### [EXERCISE DETAILS]
Only one stretch of the data should be retyped: the lines from the line containing "Brown pelican, Elegant" through the line containing "10時阪急「嵐山駅」スタート". Keep pictures out of it.

━━ EXERCISE INPUT

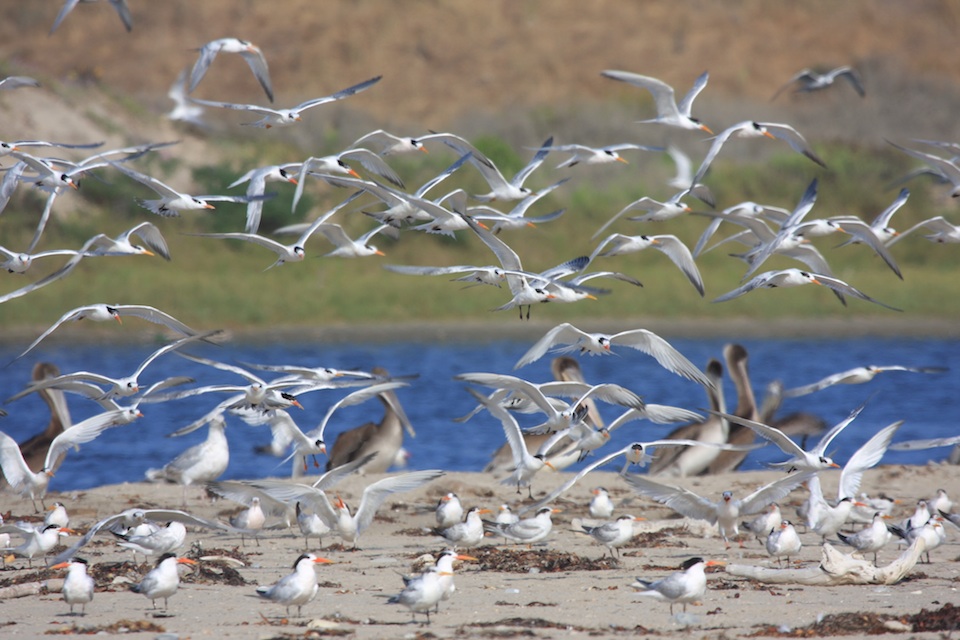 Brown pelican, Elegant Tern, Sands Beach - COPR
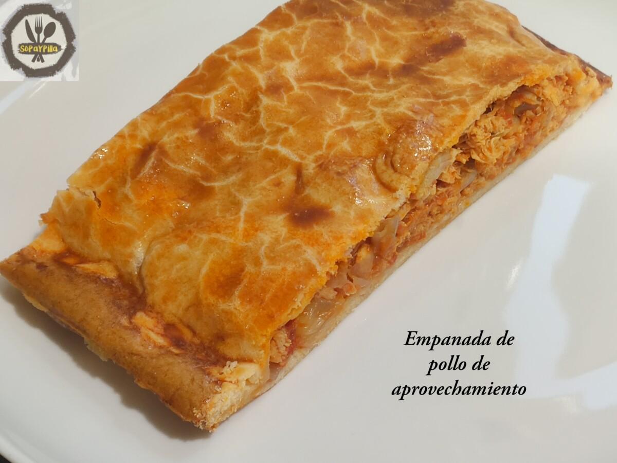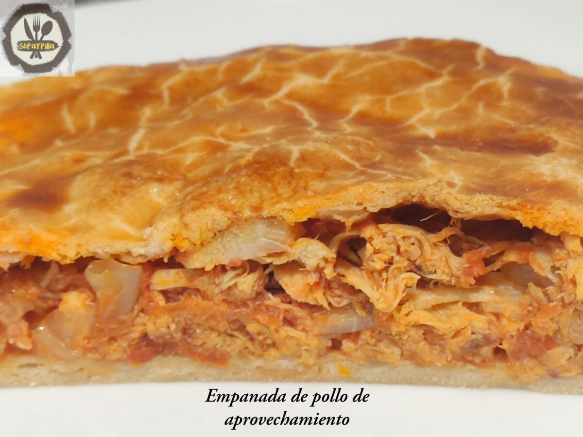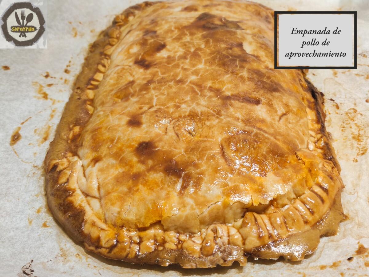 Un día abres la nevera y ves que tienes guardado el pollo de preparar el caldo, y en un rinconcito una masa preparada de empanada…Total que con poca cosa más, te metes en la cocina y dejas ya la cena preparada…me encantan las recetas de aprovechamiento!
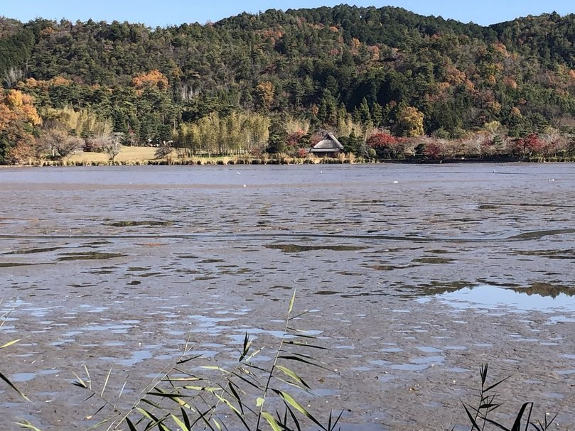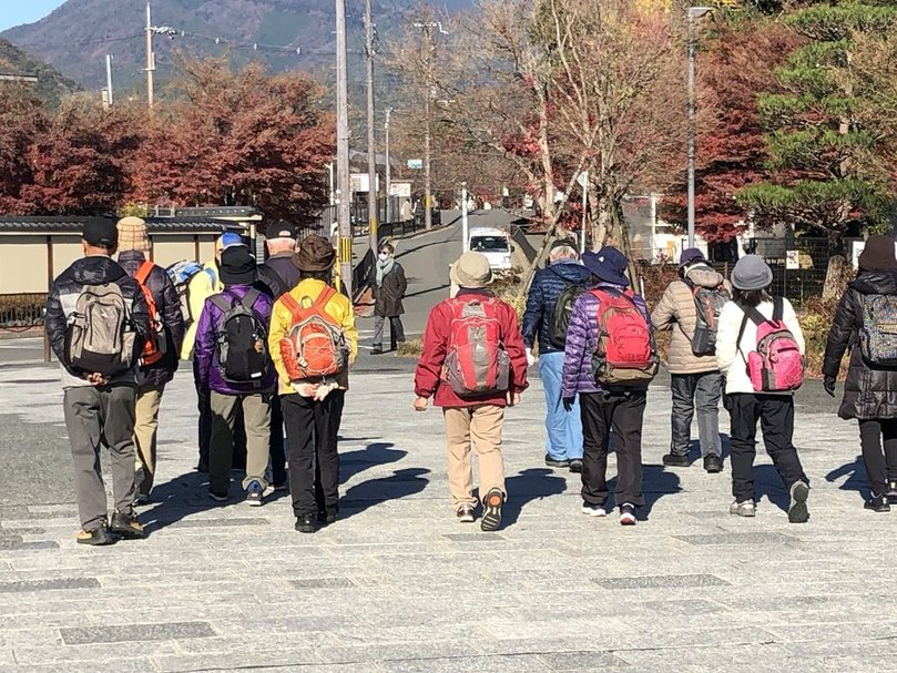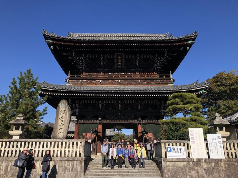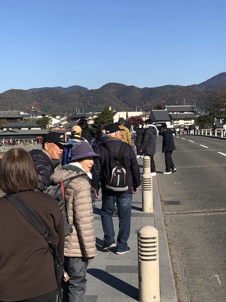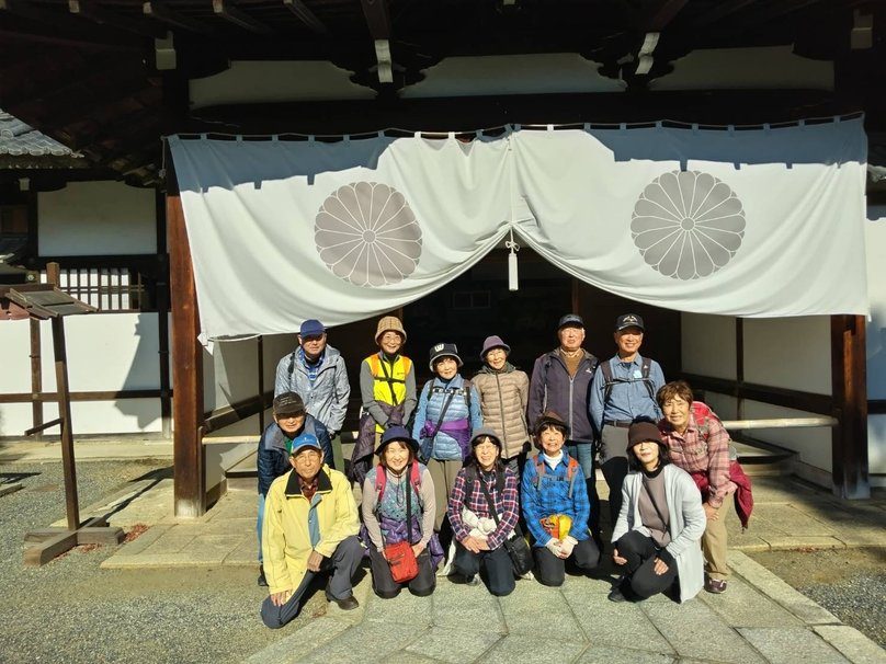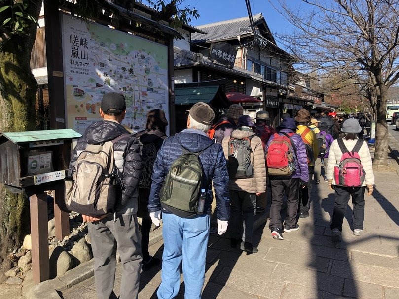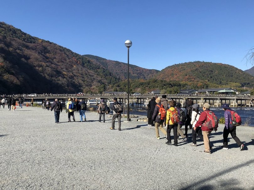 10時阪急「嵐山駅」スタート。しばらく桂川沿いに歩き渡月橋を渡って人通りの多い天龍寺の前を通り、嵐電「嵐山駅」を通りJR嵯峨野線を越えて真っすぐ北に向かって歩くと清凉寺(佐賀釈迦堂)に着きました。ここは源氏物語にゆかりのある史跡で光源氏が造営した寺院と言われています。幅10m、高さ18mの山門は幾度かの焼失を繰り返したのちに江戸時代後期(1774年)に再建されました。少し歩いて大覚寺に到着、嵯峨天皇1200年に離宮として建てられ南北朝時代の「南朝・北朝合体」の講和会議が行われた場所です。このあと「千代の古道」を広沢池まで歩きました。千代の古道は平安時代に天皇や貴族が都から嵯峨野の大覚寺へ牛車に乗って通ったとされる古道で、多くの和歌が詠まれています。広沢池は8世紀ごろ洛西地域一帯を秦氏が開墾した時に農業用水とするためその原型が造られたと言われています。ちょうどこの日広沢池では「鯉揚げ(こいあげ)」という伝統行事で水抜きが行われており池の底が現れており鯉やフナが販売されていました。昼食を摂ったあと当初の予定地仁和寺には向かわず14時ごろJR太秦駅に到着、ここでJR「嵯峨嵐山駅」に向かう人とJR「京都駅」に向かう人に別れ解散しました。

━━━━
━━ EXERCISE INPUT

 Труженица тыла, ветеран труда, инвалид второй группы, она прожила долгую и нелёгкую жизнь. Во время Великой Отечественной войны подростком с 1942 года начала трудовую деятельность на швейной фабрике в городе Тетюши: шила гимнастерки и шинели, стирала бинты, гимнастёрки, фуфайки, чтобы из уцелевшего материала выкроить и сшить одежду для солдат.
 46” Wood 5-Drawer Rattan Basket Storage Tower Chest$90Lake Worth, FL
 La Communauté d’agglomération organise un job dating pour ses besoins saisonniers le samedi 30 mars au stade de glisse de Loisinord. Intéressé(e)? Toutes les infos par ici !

━━━━
━━ EXERCISE INPUT

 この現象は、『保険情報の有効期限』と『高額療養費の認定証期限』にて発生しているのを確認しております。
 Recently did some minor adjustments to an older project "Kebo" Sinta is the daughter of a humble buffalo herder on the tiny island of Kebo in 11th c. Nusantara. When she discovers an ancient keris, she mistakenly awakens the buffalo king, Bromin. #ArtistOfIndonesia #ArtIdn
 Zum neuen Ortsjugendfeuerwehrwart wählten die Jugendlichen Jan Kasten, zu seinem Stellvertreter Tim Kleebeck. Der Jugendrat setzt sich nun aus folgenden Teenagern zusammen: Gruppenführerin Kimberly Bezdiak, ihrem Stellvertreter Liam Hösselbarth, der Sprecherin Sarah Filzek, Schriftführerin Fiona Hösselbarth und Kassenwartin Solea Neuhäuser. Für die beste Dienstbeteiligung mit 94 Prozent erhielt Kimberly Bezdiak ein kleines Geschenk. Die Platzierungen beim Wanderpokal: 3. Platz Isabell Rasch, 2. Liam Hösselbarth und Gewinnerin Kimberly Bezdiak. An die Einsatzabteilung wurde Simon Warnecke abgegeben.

━━━━

### [RESULT]
 Brown pelican, Elegant Tern, Sands Beach - COPR
 Un día abres la nevera y ves que tienes guardado el pollo de preparar el caldo, y en un rinconcito una masa preparada de empanada…Total que con poca cosa más, te metes en la cocina y dejas ya la cena preparada…me encantan las recetas de aprovechamiento!
 10時阪急「嵐山駅」スタート。しばらく桂川沿いに歩き渡月橋を渡って人通りの多い天龍寺の前を通り、嵐電「嵐山駅」を通りJR嵯峨野線を越えて真っすぐ北に向かって歩くと清凉寺(佐賀釈迦堂)に着きました。ここは源氏物語にゆかりのある史跡で光源氏が造営した寺院と言われています。幅10m、高さ18mの山門は幾度かの焼失を繰り返したのちに江戸時代後期(1774年)に再建されました。少し歩いて大覚寺に到着、嵯峨天皇1200年に離宮として建てられ南北朝時代の「南朝・北朝合体」の講和会議が行われた場所です。このあと「千代の古道」を広沢池まで歩きました。千代の古道は平安時代に天皇や貴族が都から嵯峨野の大覚寺へ牛車に乗って通ったとされる古道で、多くの和歌が詠まれています。広沢池は8世紀ごろ洛西地域一帯を秦氏が開墾した時に農業用水とするためその原型が造られたと言われています。ちょうどこの日広沢池では「鯉揚げ(こいあげ)」という伝統行事で水抜きが行われており池の底が現れており鯉やフナが販売されていました。昼食を摂ったあと当初の予定地仁和寺には向かわず14時ごろJR太秦駅に到着、ここでJR「嵯峨嵐山駅」に向かう人とJR「京都駅」に向かう人に別れ解散しました。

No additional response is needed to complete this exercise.